The latest was Reclaim Finance, which alongside several other NGOs took aim at European banks just days ahead of the COP 29 UN climate summit that begins on November 11 in Azerbaijan’s capital Baku.
– Financial risk –
By continuing to finance fossil fuel projects, even as part of a transition to a green economy, banks are continuing to link their fates with the industry.
In an October 2022 report, Finance Watch calculated that the world’s 60 largest banks held approximately $1.35 trillion in fossil fuel assets on their books.
There has been no major change since, according to the NGO’s chief economist, Thierry Philipponnat.
The problem is that “there is no scenario where in 50 years fossil fuels will have any value,” he told AFP.
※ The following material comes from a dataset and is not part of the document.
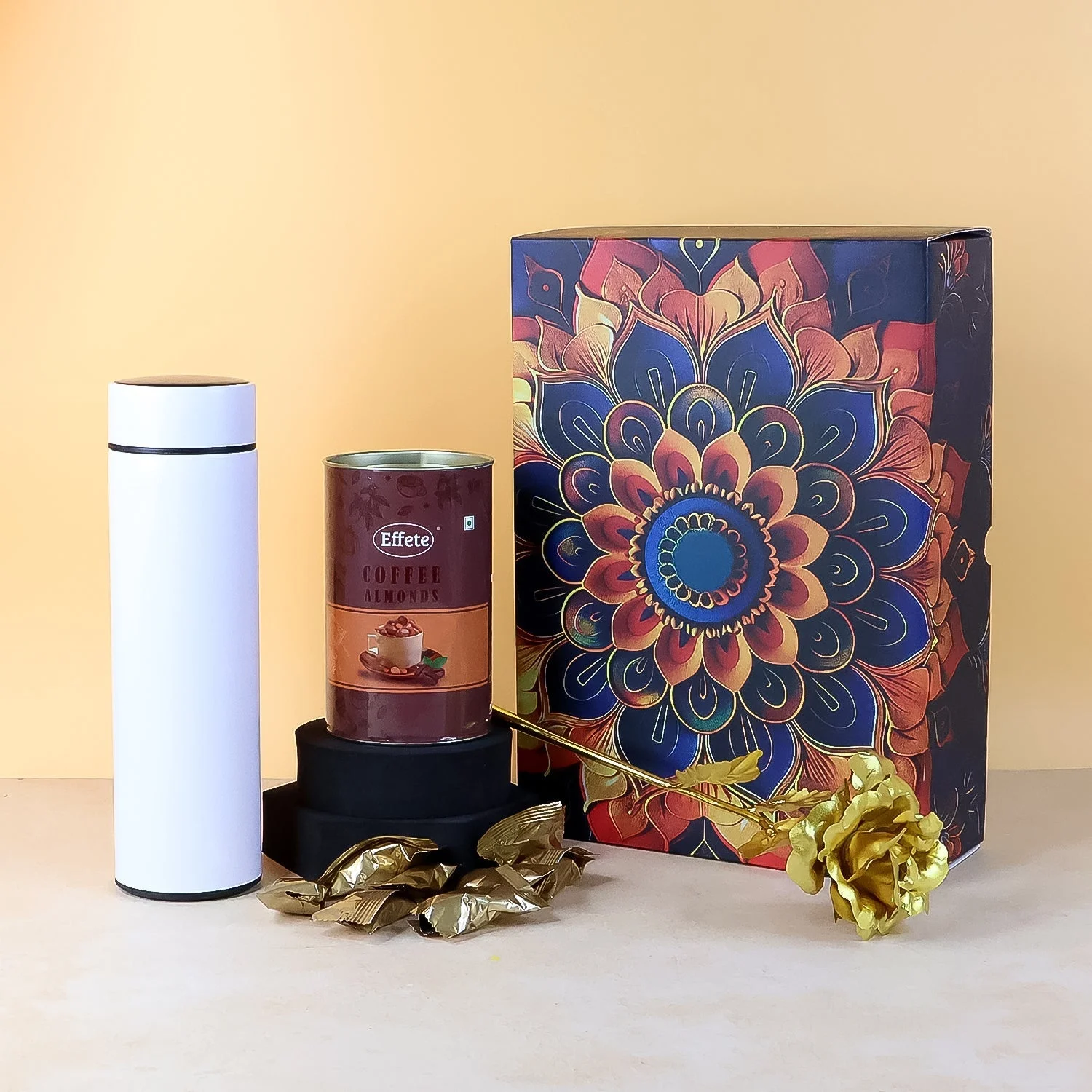 Celebrate every occasion with this Premium Gift Hamper Box, a perfect blend of elegance and taste. The beautifully designed festive box includes a stylish stainless steel bottle, a golden decorative rose, and a pack of Effete [Coffee] Almonds Chocolate for a delightful treat.
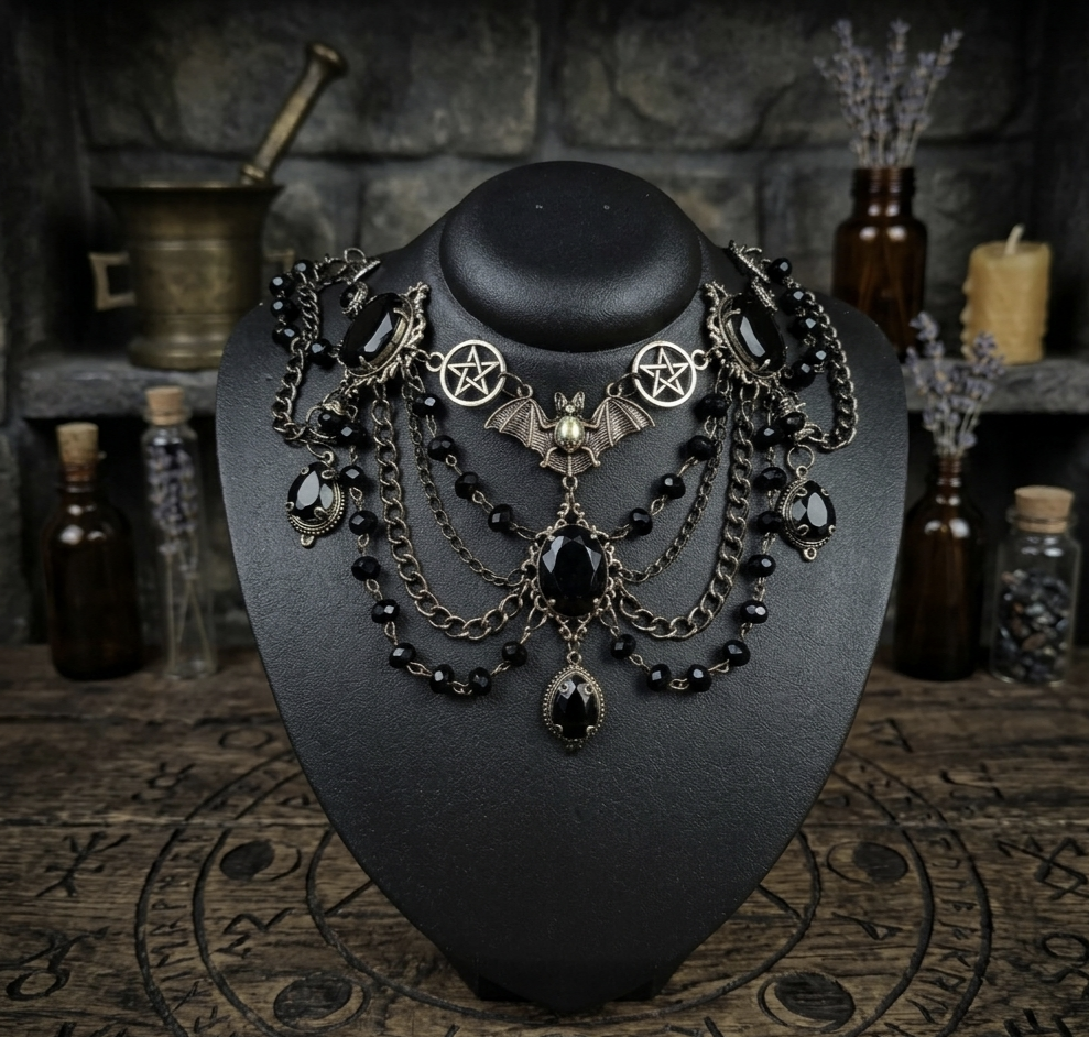 Quando o sol se põe e os véus do mundo se afinam, nasce Noctis — a joia daqueles que caminham sob a lua. Inspirado no universo vampírico, este colar carrega o símbolo do morcego, criatura da noite, guardião das sombras e mensageiro da transformação.

Nations agreed at the COP28 climate summit in Dubai last year to transition away from fossil fuels.
And the International Energy Agency expects demand for oil, gas and coal to peak by 2030.
Economics professor Laurence Scialom at Paris-Nanterre University warned that “overnight entire asset classes will deteriorate.”
Banks that hold shares and bonds of fossil fuel companies in their portfolios will see the value of those diminish, while fossil fuel companies could become credit risks as the sector’s profitability is squeezed, she warned.
The fossil fuel industry represents a “financial time bomb” for banks and they still underestimate the danger, said Scialom.
Home mortgages are also at risk.
US consultancy Bain & Company last year warned that wildfires, drought and other climate risks threatened between 10 and 15 percent of the value of the real estate portfolios held by the world’s top 50 banks.
– Reputation risk –
The research done by NGOs like Finance Watch and Reclaim Finance evaluating bank lending in light of climate change is regularly used by media and has begun to tarnish their public image.
Other groups have opted for more direct action such as disrupting shareholder meetings or demonstrating in front of headquarters buildings to draw attention to the behaviour of lenders.
These “name and shame” campaigns can be a powerful weapon for pressure groups as banks depend heavily on the confidence of clients.
– Legal risks –
NGOs have already challenged fossil fuel firms in court, with the most remarkable success to date being the 2021 victory by the Dutch chapter of Friends of the Earth against Shell.
Judges at The Hague District Court ruled three years ago that Shell must reduce its carbon emissions by 45 percent by 2030, as it was contributing to the “dire” effects of climate change.
That ruling was seen as an historic victory for climate change campaigners as it was the first time a company had been made to align its policy with the 2015 Paris climate change accords. Shell is appealing the ruling.
Activists are now turning to banks.
The Dutch chapter of Friends of the Earth launched in January of this year a case against the Netherlands’ top bank, ING, for financing highly polluting companies.
Then in February Friends of the Earth, Oxfam France and another NGO filed suit against BNP Paribas accusing it of contributing to climate change via its financing of fossil fuel firms.
Valerie Demeure, who heads up research on ESG issues at Ofi Invest Asset Management, said the cases are “certainly the start in a series”.
French law offers environmental activists a means to challenge companies.
Since 2017, large French firms are required to take effective measures throughout their supply chains to respect human rights and minimise environmental harm.